Such emotional hijacks are triggered by the amygdala, the brain's radar for threat, which constantly scans our surroundings for dangers. When these circuits spot a threat (or what we interpret as one-they are often mistaken), a superhighway of neuronal circuitry running upward to the prefrontal areas sends a barrage of signals that let the lower brain drive the upper: our attention narrows, glued to what's upsetting us; our memory reshuffles, making it easier to recall any thing relevant to the threat at hand; our body goes into overdrive as a flood of stress hormones prepares our limbs to fight or run. We fixate on what's so disturbing and forget the rest.
The stronger the emotion, the greater our fixation. Hijacks are the superglue of attention. But the question is, How long does our focus stay captured? That depends, it turns out, on the power of the left prefrontal area to ealm the aroused amygdala (there are two amygdalae, one in each brain hemisphere).

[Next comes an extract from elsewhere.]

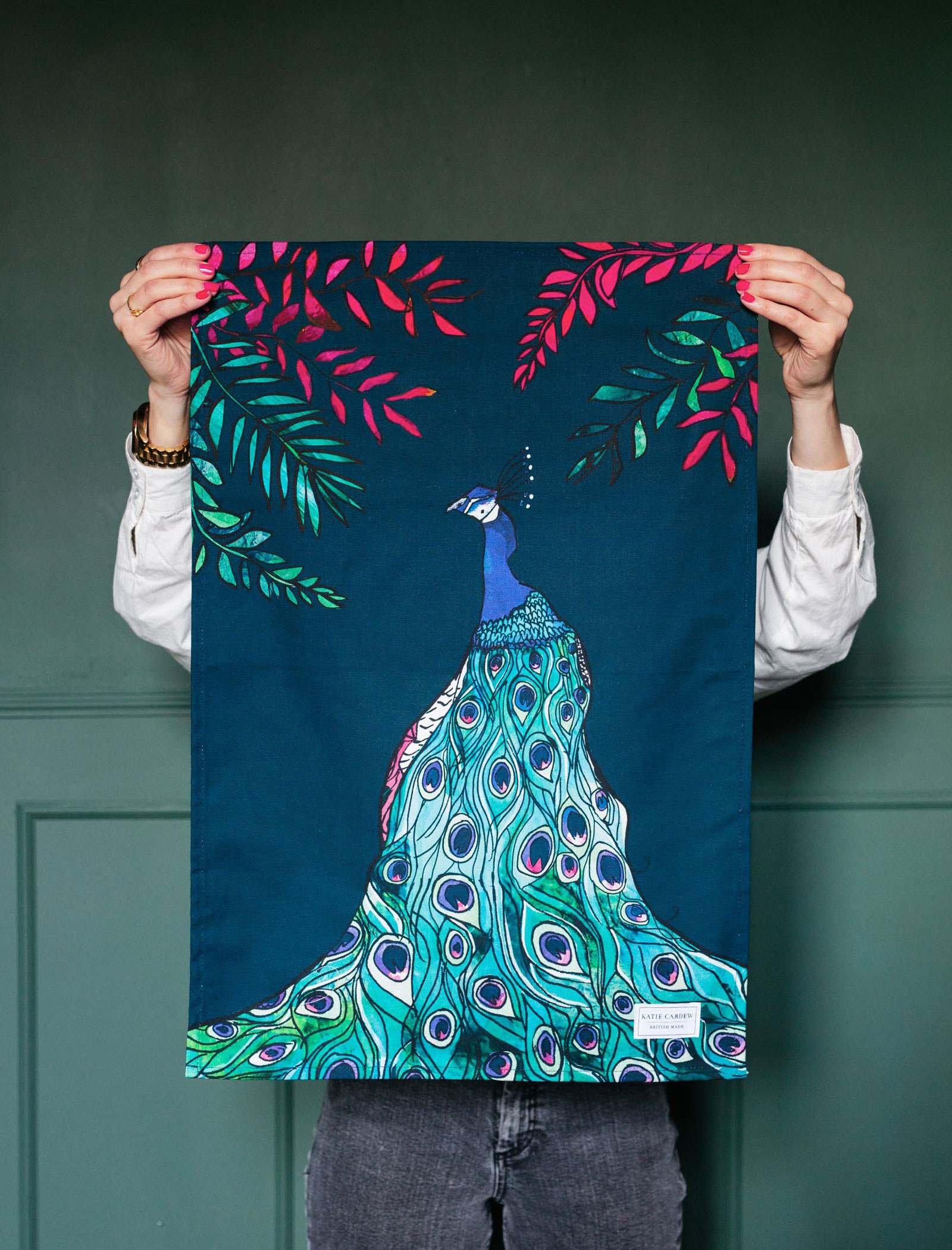 This tea towel by Katie Cardew features her stunning Peacock design showcasing its striking plumage. The beautiful and bold design is a charming addition to any kitchen.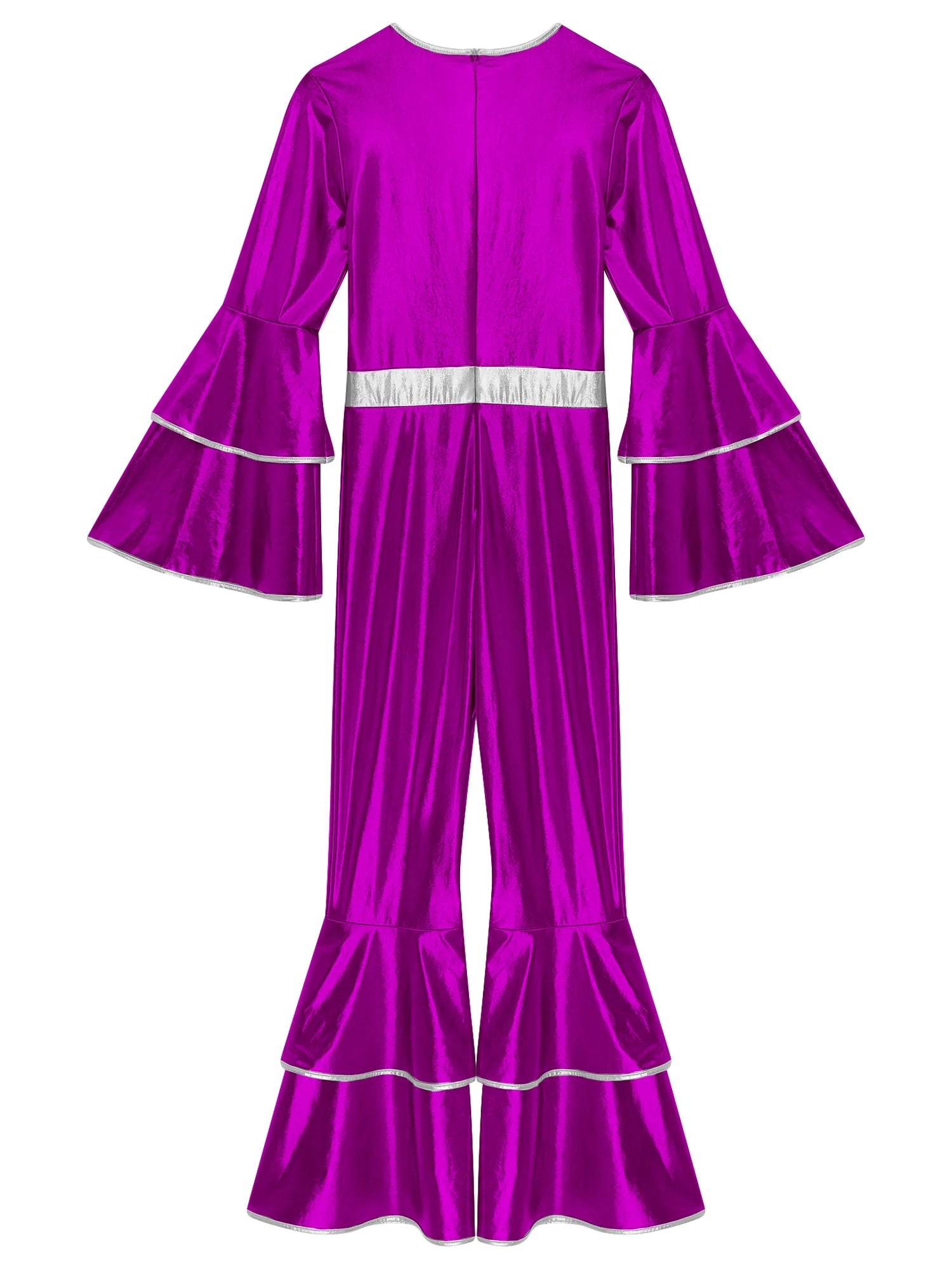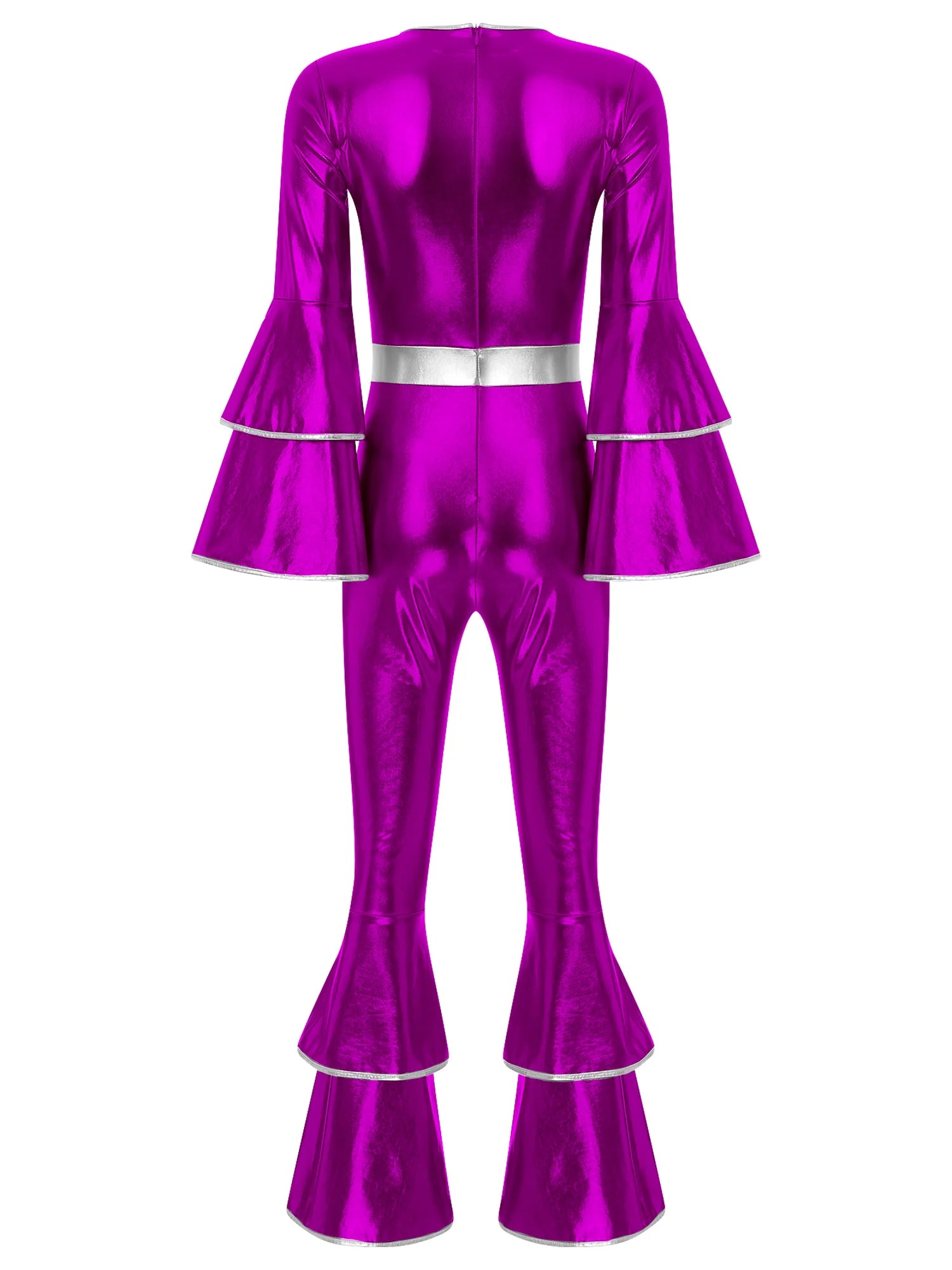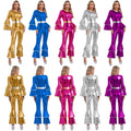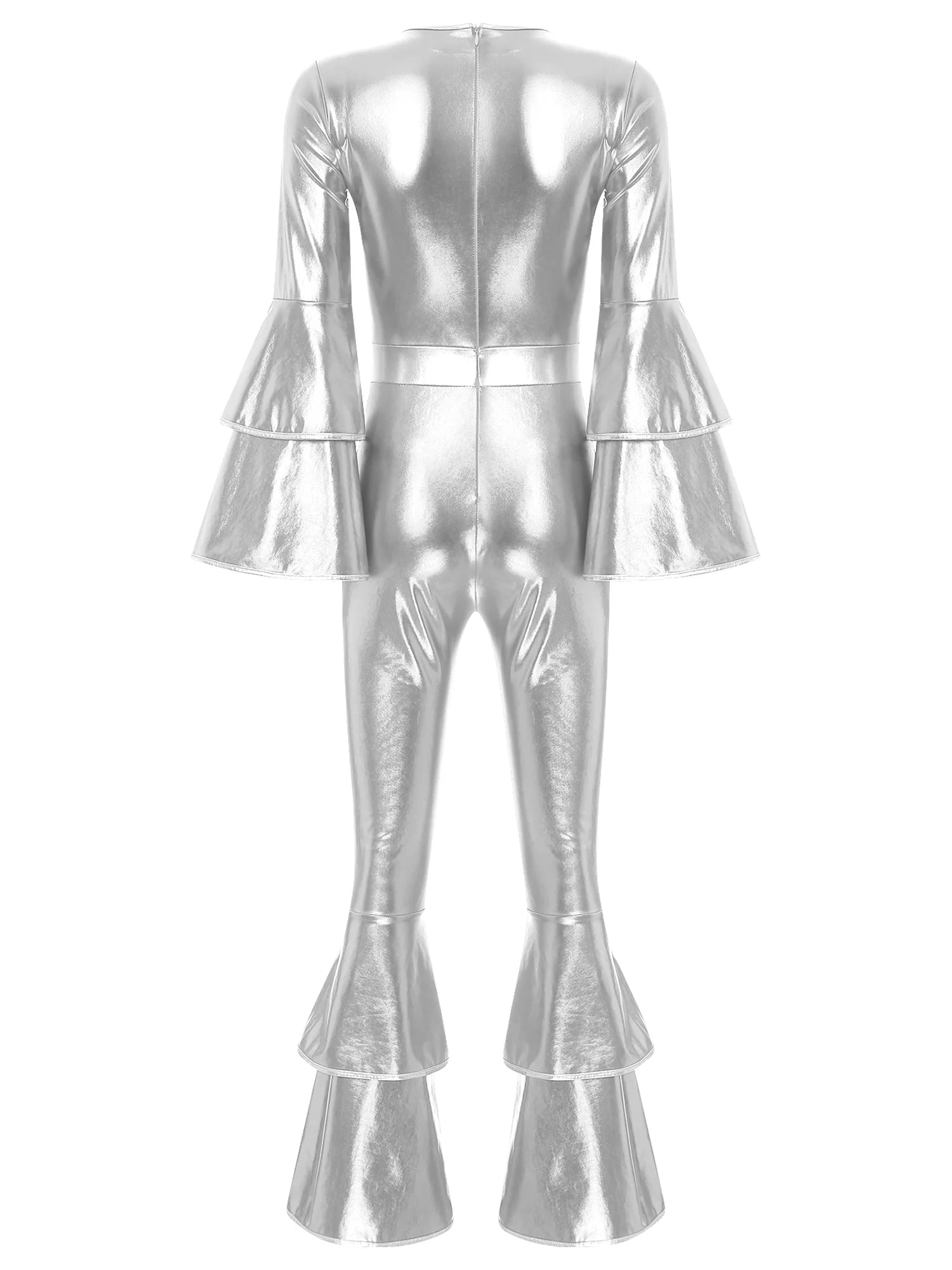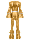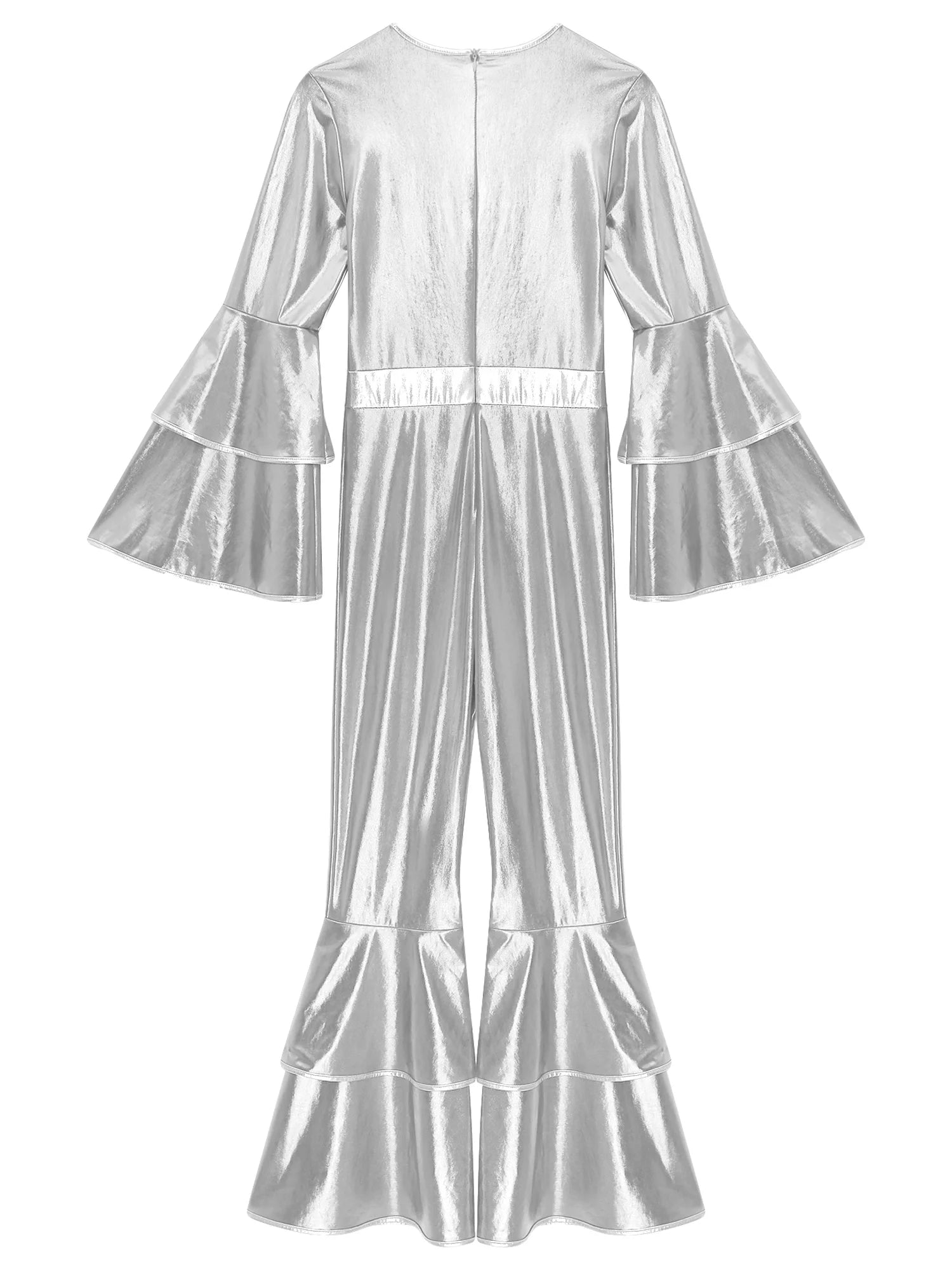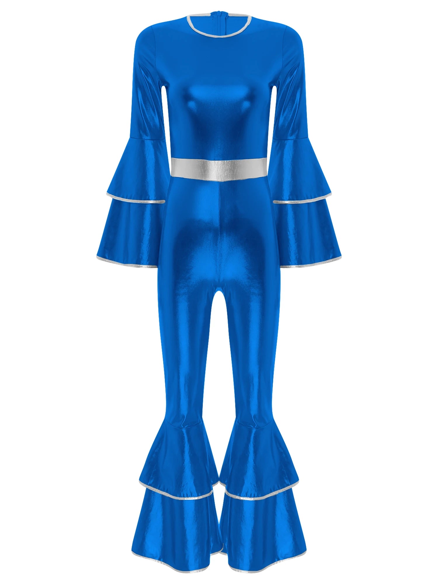 Womens Disco Costumes | Sexy Shiny Metallic Retro Dance Jumpsuit | 70s 80s Hippie Dress

That amygdala-prefrontal neuronal superhighway has branches to the left and right prefrontal sides. When we are hijacked the amygdala circuitry captures the right side and takes over. But the left side can send signals downward that calm the hijack.
Emotional resilience comes down to how quickly we recover from upsets. People who are highly resilient-who bounce back right away-can have as much as thirty times more activation in the left prefrontal area than those who are less resilient.18 The good news: as we'll see in part 5, we can increase the strength of the amygdala-calming left prefrontal circuitry.